Hoy después de 30 años está casi todo igual. El pueblo ha evolucionado muy poco, ya que lo han cruzado carreteras que lo transformaron en casi un pueblo fantasma. Ya nadie pasa por allí a no ser que vayas exclusivamente. Por supuesto que, en mi corta visita estuve en el cementerio visitando a mis cuatro abuelos y a todos aquellos que los dejé con vida y que la vida misma se los llevó.
Hoy vivo en España, y con este pequeño relato me gustaría rendir un pequeño homenaje a sus habitantes, es decir a mi gran familia, es decir a todo el pueblo, porque han hecho de mi una persona con raíces profundas, que sé muy bien de dónde vengo y a quién pertenezco, han tallado en el fondo de mi alma ese amor a lo natural, a lo simple, a lo auténtico.
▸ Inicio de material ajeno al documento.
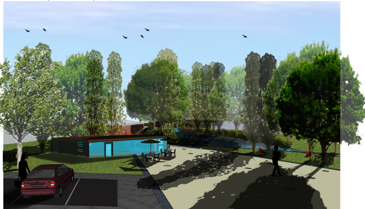
PERSPETIVA 01 "Alameda" | Cafetaria | Repuxos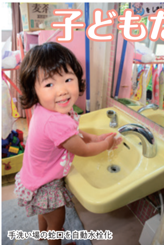
手洗い場の蛇口を自動水栓化

Todo estos sentimiento puros y sinceros son transmitidos a mis hijos que lo van mamando desde su nacimiento y llevan esa riqueza dentro sin importar dónde viven, ni lo qué tienen, ni lo qué hacen.
Un último deseo sería poder abonar con mis huesos esa tierra que ha visto nacer a mis padres, tierra del cardenal el tordo y el zorzal, de esas siestas calientes con el canto de la chicharra de fondo, de los carpinchos, nutrias, teros y chajás.
Para ti, 9 DE JULIO.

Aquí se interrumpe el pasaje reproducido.